WHAT YOU SHOULD DO — Word for word, copy the entire listing below, but do not carry over any pictures.

INFORMATION PROVIDED —
+---+

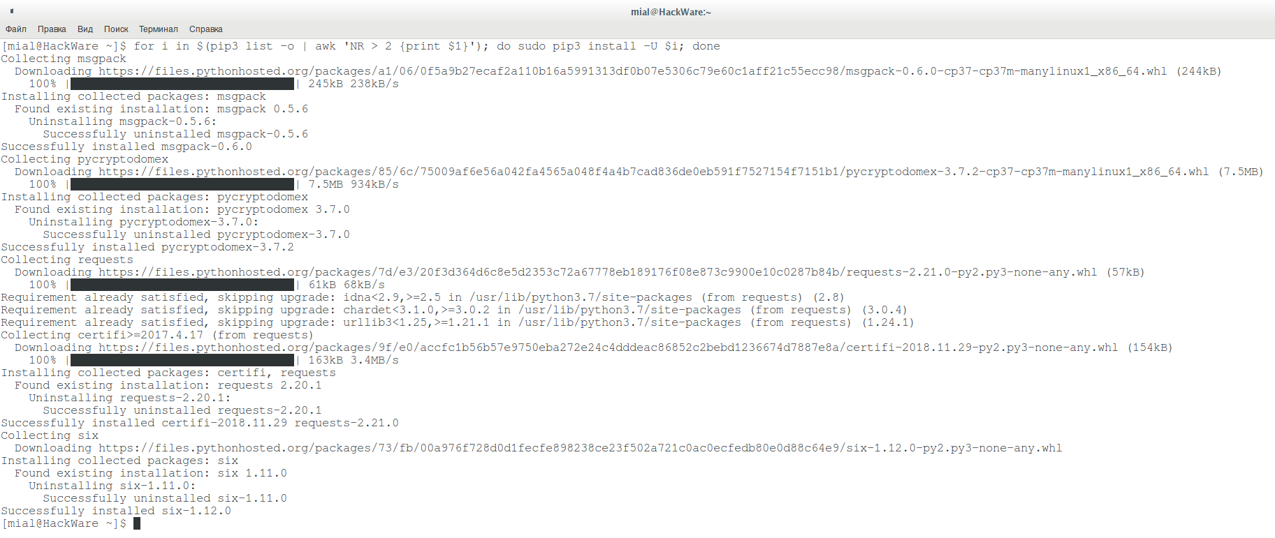 Её принцип заключается в том, что она составляет список всех пакетов Python, а затем каждый из них пытается обновить. Если обновления нет — то ничего страшного, просто происходит переход к следующему пакету из списка. Если обновление есть, то оно устанавливается и вновь происходит переход к следующему пакету из списка, пока программа полностью не завершит свою работу.
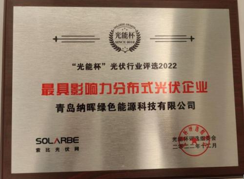 2月16日,由索比光伏网举办的2022第十届“光能杯”跨年分享会上,纳晖新能源(青岛纳晖绿色能源科技有限公司)凭借在光伏领域场景解决方案能力及良好的用户口碑,斩获了“2022年最具影响力分布式光伏企业”奖项。
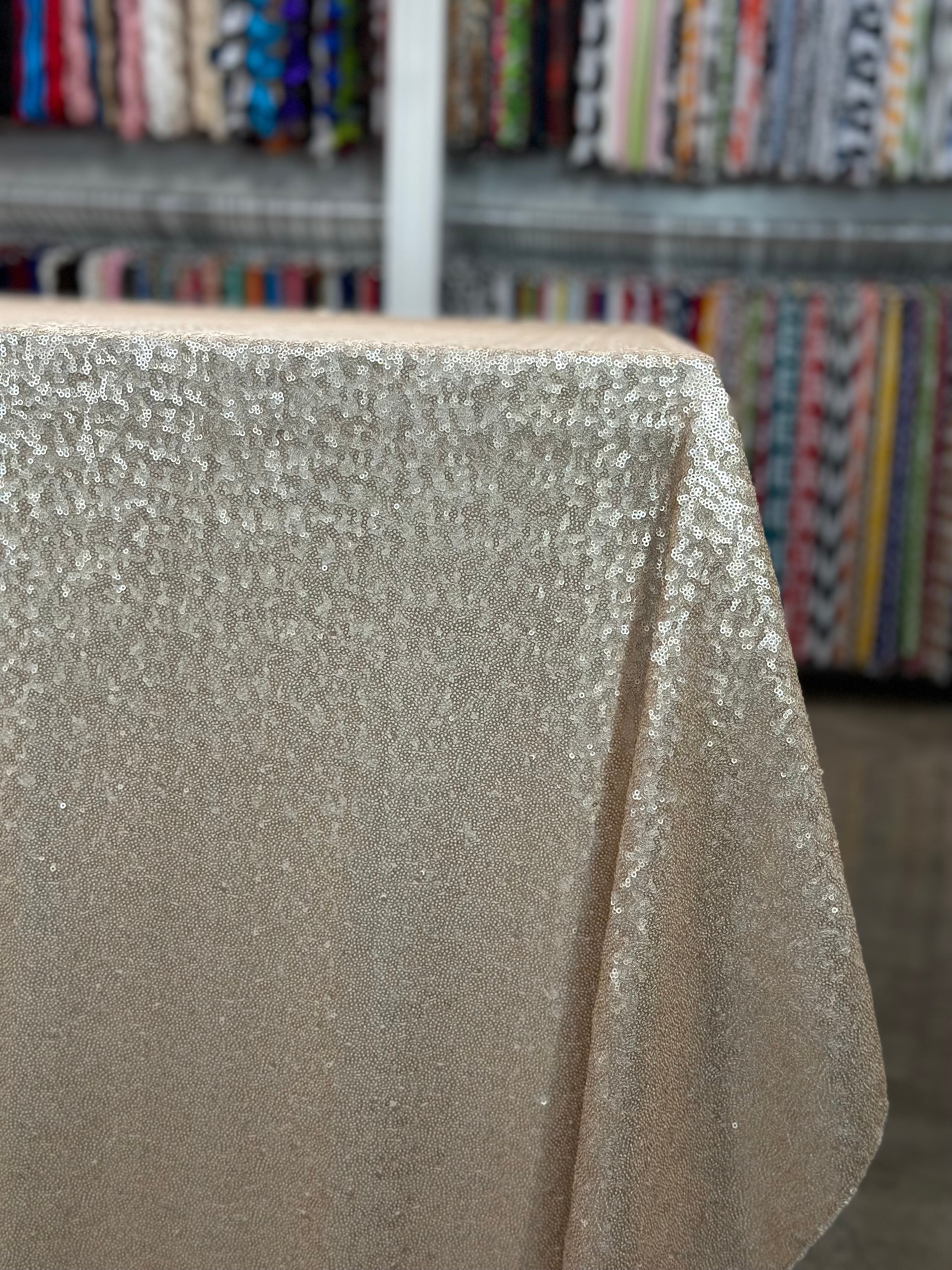 Table linen sizes that exceed the width of the fabric will have seams. All seams are sewn with 5 thread overlock sergers for long lasting durability.

+---+

ANSWER SPACE —
 Её принцип заключается в том, что она составляет список всех пакетов Python, а затем каждый из них пытается обновить. Если обновления нет — то ничего страшного, просто происходит переход к следующему пакету из списка. Если обновление есть, то оно устанавливается и вновь происходит переход к следующему пакету из списка, пока программа полностью не завершит свою работу.
 2月16日,由索比光伏网举办的2022第十届“光能杯”跨年分享会上,纳晖新能源(青岛纳晖绿色能源科技有限公司)凭借在光伏领域场景解决方案能力及良好的用户口碑,斩获了“2022年最具影响力分布式光伏企业”奖项。
 Table linen sizes that exceed the width of the fabric will have seams. All seams are sewn with 5 thread overlock sergers for long lasting durability.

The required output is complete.